予価:税抜き8,650,000円/税込み9,515,000円
リミテッド・プロダクション

追加情報

[ニコラス・コペルニクス]:1473年に生まれ1543年に亡くなったポーランドの天文学者。地球を含むすべての惑星が太陽の周りを回っているという地球惑星運動説(地動説)を提唱し天文学に革命を起こした。この地動説は神が人間、ひいては地球を宇宙の中心に置いたとする中世的・宗教的世界観、天動説を揺るがすものであり、長い間否定されていた。彼の理論は当時主流であった天動説に対抗するものであった。

[黄道面]:太陽の重心とその周りを回る地球の重心を含む平面を無限遠に探査し、星の位置を定義する座標系の基礎としたもの。日食はこの平面上で観測されるため、このような名前がついている。この面は地球の赤道面に対して23度26分13秒傾いており、これを黄道傾斜角という。この角度は、地球の自転軸が公転面に対して傾いていることに相当する。月の軌道面は黄道に対して平均5度08分48秒の傾きを持つ。

[ムーンフェイズ]:太陽に照らされた月の部分を地球から観測した表したもの。天然衛星は地球の周りを公転しており、月の満ち欠けは日数に応じて変化する。1ヶ月は1サイクルに相当し、その平均期間は29日12時間44分2.9秒(29.53日)である。月は地球の周りを24時間で1周するのと同時に自転しています。地球を1周する間に自転しているからこそ、月はいつも同じ表情しているのです。

[新月]:月が地球と太陽の間にあるときを新月という。天体の配置は潮汐係数が高い(大潮)ことに関連する。

[上弦]:太陽と月が文字盤上で直角の位置にあるとき(太陽が6時、月が3時の位置)、月は満ち欠けの状態にある。この条件では潮の係数が低くなる(小潮)。

[満月]:太陽と月が地球を挟んで向かい合ったとき、月は満月になり潮の係数は高くなる(大潮)。

[下弦]:太陽と月が垂直の時(太陽が6時、月が文字盤の左側のセクター)、月は欠け潮の係数は低くなる(小潮)

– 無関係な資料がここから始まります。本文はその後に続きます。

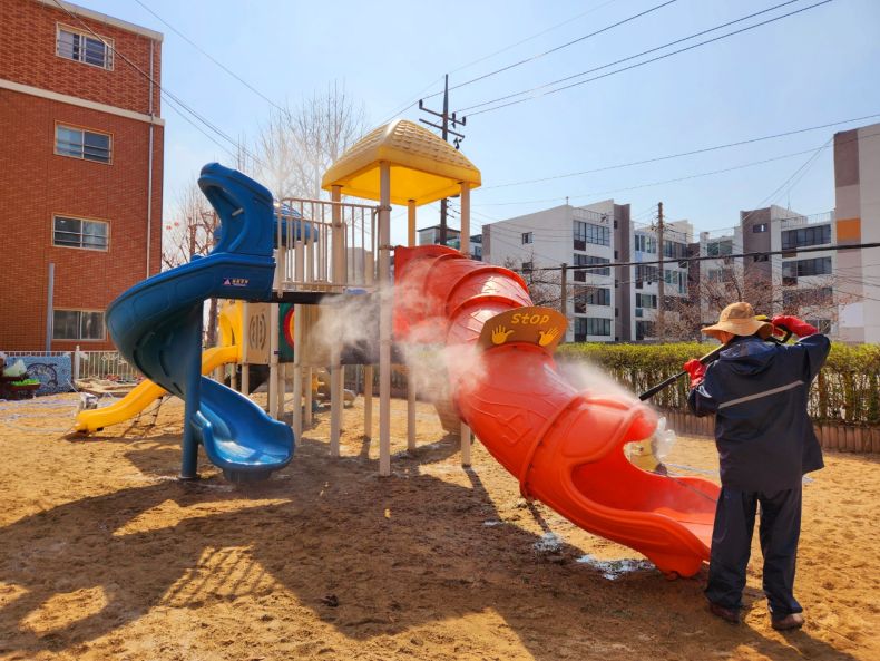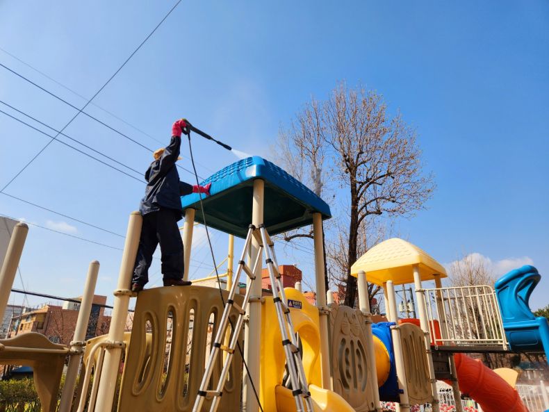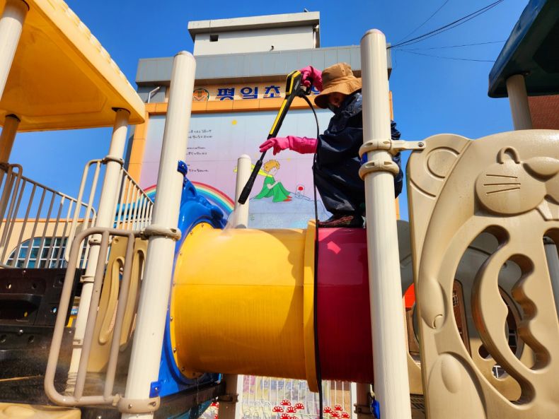 평일초병설유치원 바깥놀이터를 세척작업 하였습니다.

[ユリス・ナルダン]~自由を尊ぶマニュファクチュール
ユリス・ナルダンは海の世界からインスピレーションを得て、自由な精神を尊ぶ方々のため、革新的なタイムピースを製作するマニュファクチュールのパイオニアです。1846年に自身の工房を創業、2014年11月からは世界的なラグジュアリーグループ、ケリングの一員として名を連ねています。ユリス・ナルダンは高級時計の歴史にいくつもの優れた功績を残しており、極めて早い時期から海の世界とのつながりで名を馳せていました。当時制作したマリンクロノメーターはこれまで作られたものの中でも最も信頼性が高く、現在でも世界中のコレクターたちから求められる作品です。最先端技術のパイオニアであり、シリシウムなどの革新的な素材を積極的に利用するユリス・ナルダンは、自社で高精度部品およびムーブメントを製造できる技術力を備えた数少ない時計ブランドの1つです。
ユリス・ナルダンは海洋環境保護のため、海洋プラスチックによる汚染の削減と、自社のシンボルであるサメの保護に関する科学的知識の開発という主に2つの活動を行っています。今日、スイスのル・ロックルとラ・ショー・ド・フォンの自社マニュファクチュールでユリス・ナルダンは「マリーン」「ダイバー」「ブラスト」「フリーク」の4つの柱を軸に、完璧な時計制作への探求を続けています。